Neuroscience, it’s a-progressing. While you were going about your business the scientists found out how space can mess with your brain, hinted at a mechanism to slow down aging and identified a new target for antidepressants
Last year, we all were impressed by “The Martian”’s Mark Watney's quick wit and impressive problem-solving abilities (if you have no idea what I’m talking about then go to Netflix asap). Yet new research voices concern about the phenomenon called “space brain”, chronic dementia risk caused by galactic cosmic ray exposure -- something that Mark Watney would apparently suffered from if his journey to Mars was real. Researchers from University of California, Irvine, found that not only does space wreck your bone density and muscle volume, after longer period of time outside of our Earth’s protective magnetosphere (comparable to a 2-3 years roundtrip to Mars) it also could promote permanent cognitive deficits and even dementia.
For this study mice were exposed to radiation equivalent to the one experienced in space. Six month after exposure their brains still showed alarm-raising levels of inflammation and neuron damage which went along with poor performance on behavioral tests measuring learning and memory. Another alarming side-effect of being exposed to the cosmic radiation for too long is the loss of “fear extinction” -- a tool the brain uses to suppress traumatic events, such as to learn to enjoy driving again after a scary car accident. This inability to unlearn stressful associations and the subsequent risk of developing anxiety might pose a big problem for astronauts who need to solve a lot of problems under pressure. This space dementia sure is a barrier in our plans to colonize Mars, however, it is not a problem we cannot solve: preventive measures (such as medication protecting neurotransmission), spacecraft shielding, better helmets and other solutions are being explored the very same moment you’re reading this. To boldly go where no man has gone before and so on and so forth.

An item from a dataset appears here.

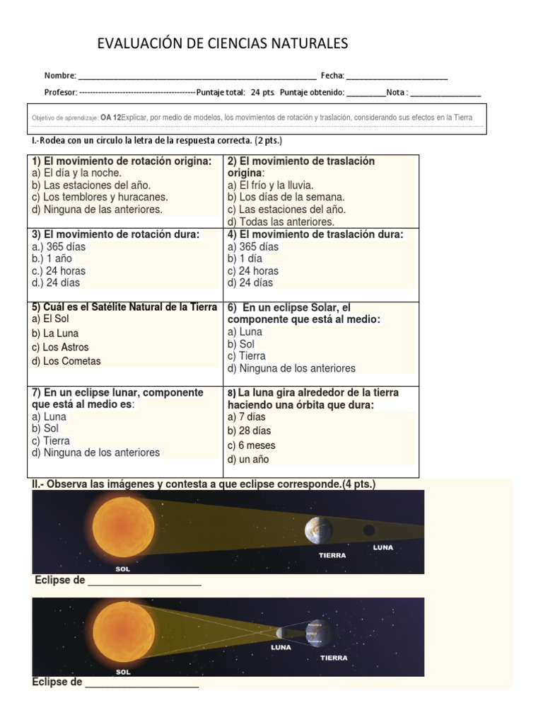 Objetivo de aprendizaje: OA 12Explicar, por medio de modelos, los movimientos de rotación y traslación, considerando sus efectos en la Tierra
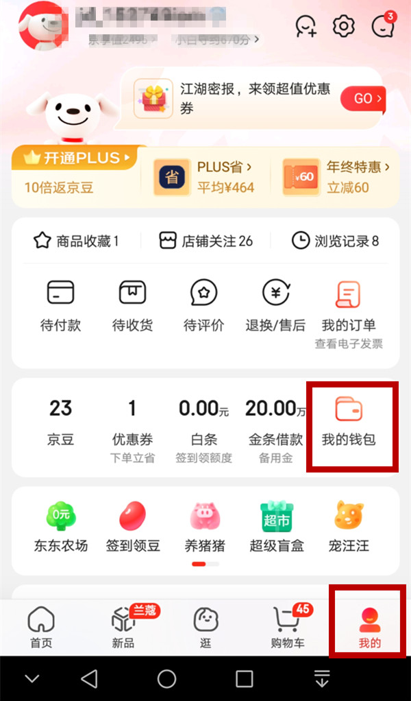 1、打开京东,找到我的,点击我的钱包。

Much better news are reserved for everyone who is not that keen on aging (and wants to live forever): Copenhagen researchers found that a body's own substance called NAD+ postpones the aging process and extends the lifespan. It does so by working against two aging mechanisms: less effective DNA repair and poor functioning mitochondria (cell power plants). However, the study was performed on mice and roundworms suffering from a neurodegenerative disease, so hold your horses, transhumanists! Here’s what went down: the poor creatures were genetically modified to have a disease which makes the part of the brain responsible for coordination degenerate at a fast rate and prevents normal DNA repair (which was supposed to simulate early aging). Then, they were injected with NAD+ and interesting things started to happen: the severity of the disease was reduced, muscular function -- normalized, memory loss -- delayed, lifespan -- extended. This all seems to have happened due to wondrous ability of NAD+ to repair DNA and to maintain mitochondria happy and healthy. Considering the fact that NAD+ level substantially decreases as we age this holds a potential to slow down aging process with a simple replenishment of this coenzyme. Another pleasant side-effect of keeping our cells young is the potentially much later onset of such neurodegenerative diseases as Alzehimer’s and Parkinson’s. (”Live Forever” by Oasis starts playing in the distance)
(If you want to become dazzled about human race’s progress in life sciences and to start pondering about living forever I also recommend reading this not really neuroscience but still fascinating piece of news).
Another good piece of news comes for people suffering from a treatment-resistant depression. So far these patients are in a quite distressing situation as there are not many alternatives to resort to once the commonly used pills like Prozac failed. A new study from the Northwestern University discovered a promising new target in the brain which can be manipulated to ease even the stubbornly clingy depression which doesn’t respond to medication. The researchers found that the common antidepressant types, such as SSRIs and tricyclic antidepressants, block BMP pathway in hippocampus, our memory making center. The blockage of this pathway, in turn, leads to an increased neurogenesis, the birth of new cells (which is generally a very good thing for learning and memory). However, they weren’t sure whether blocking this pathway was deciding for the antidepressants' effect as this medication acts on a variety of multiple mechanisms in the brain. To investigate that, the scientists gave the ever-suffering mice a protein called noggin which is known to specifically block this exact BMP pathway. The results did not disappoint them: not only did noggin target BMP much more precisely and effectively than Prozac and tricyclics, the mice also showed significantly less anxious and depressed behaviour (which in mice terms means they didn’t hang hopelessly when held by the tail but rather energetically tried to get upright). This whole thing is quite promising as discovering a new biochemical target to aim our weapons at can bring us closer to developing new therapies for people whose brains are not big fans of Prozac.